NIH Research Projects · FY 2025 · 2024-09

ABSTRACT Autoimmune diseases affect 1 in 10 people. Commonly, patients needlessly suffer for years due to delays in diagnosis and referral delays to specialists. Systemic lupus erythematosus is a classic example due to its nonspecific symptoms and potential to mimic other diseases. It affects women 9 to 1 with average diagnostic delays of over 5 years, increasing the chances of life-limiting end-organ damage. A diagnosis typically requires an experienced rheumatologist to carefully consider and integrate various data sources. This need for a specialist creates health equity concerns which are further compounded by the disproportionately higher prevalence of lupus in Black and Hispanic women.
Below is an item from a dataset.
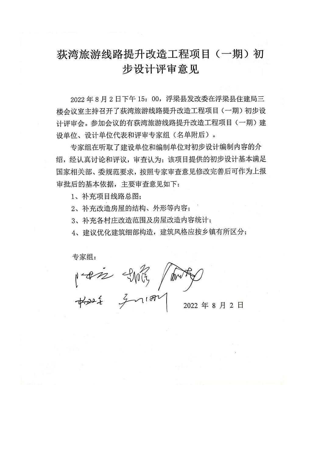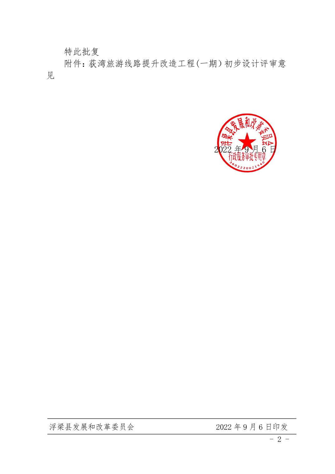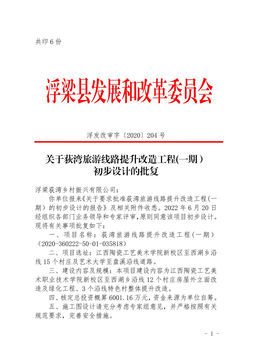关于荻湾旅游线路提升改造工程(一期)初步设计的批复(204号)

This project will develop a unified multimodal representation learning technology that will allow 1) using many different datatypes (e.g., electronic health records, omics-data, full-body imaging, clinical measures, tabular data, and data from activity monitors); 2) adding data sources to the multimodal model as needed; 3) supporting missing modalities by cross-modal generative learning; 4) providing inherent end-to-end interpretable results; and 5) patient-specific disease predictions and patient-personalized multimodal information acquisition plans. The project will use a holistic design approach where a model will account for population imbalances during training and model design and will incorporate debiasing approaches directly into the modeling. Our approaches will be generally applicable to multimodal learning. They target significantly earlier diagnoses for autoimmune diseases, strategies to recommend suitable additional diagnostic tests, and the ability to identify patients at greatest risk for the worst outcomes for which more aggressive treatments may be recommended.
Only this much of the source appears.